Victorian Nationals leader Peter Walsh also highlighted the lack of funding for road maintenance.

“Repairs to local roads seem to have been forgotten in this budget,” Mr Walsh said.

“There has been a 16 per cent drop in funding for roads since about 2020, but of course road maintenance costs have gone up since then so that makes it an even bigger difference.”

Mr Walsh was also critical of the government extending the timelines of capital projects.

“The timing of some of these projects has been blown out by up to 12-18 months,” Mr Walsh said.

“That’s designed to stretch the budget out, because you don’t want that showing up in next year’s budget.”

Mr Walsh said further reductions in agricultural funding was based on letting past projects lapse.

“For example, funding for deer control has lapsed and the wild dog program was lapsing this year and doesn’t appear in the budget either.

“And because 1080 (poison) has been banned in the state’s north-west, this can be expected to extend to the north-east, which will then make wild dog eradication impossible.”

The government has set aside $964 million for repairing and upgrading roads statewide as part of the second year of a 10-year $6.8 billion allocation.

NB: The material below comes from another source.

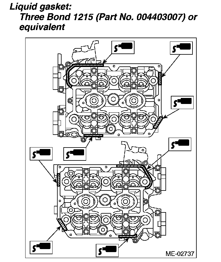 Liquid gasket. Three Bond 1215 (Part No. 004403007) or equivalent

In past years, funding for roads had been separated into regional and city areas, but the state’s Department of Transport now allocates funding on a priority basis between both, allowing for easier redirecting of funds.

Current maintenance to regional roads is being funded from last year’s budget.

Mr Walsh was critical of the 10-year scheme.

“They keep talking about the six billion over the next 10 years that is not accounted for anywhere; these are promises on the never-never,” he said.

“We don’t need potholes fixed in nine years; we need them fixed now.”

Where the money went

Biosecurity for the agriculture sector featured in last week’s state budget with $85 million allocated to protecting farmers from pest and weed incursions and risks.

Most of that money will be focused on fire ants, with $73 million dedicated to help keep the invasive insect out of the agriculture and tourist industries in Victoria.

The EPA has been allocated $44 million to crack down on illegal rubbish dumping and other waste crimes.

State and national parks have been boosted by $17 million, which includes supporting volunteer and community groups.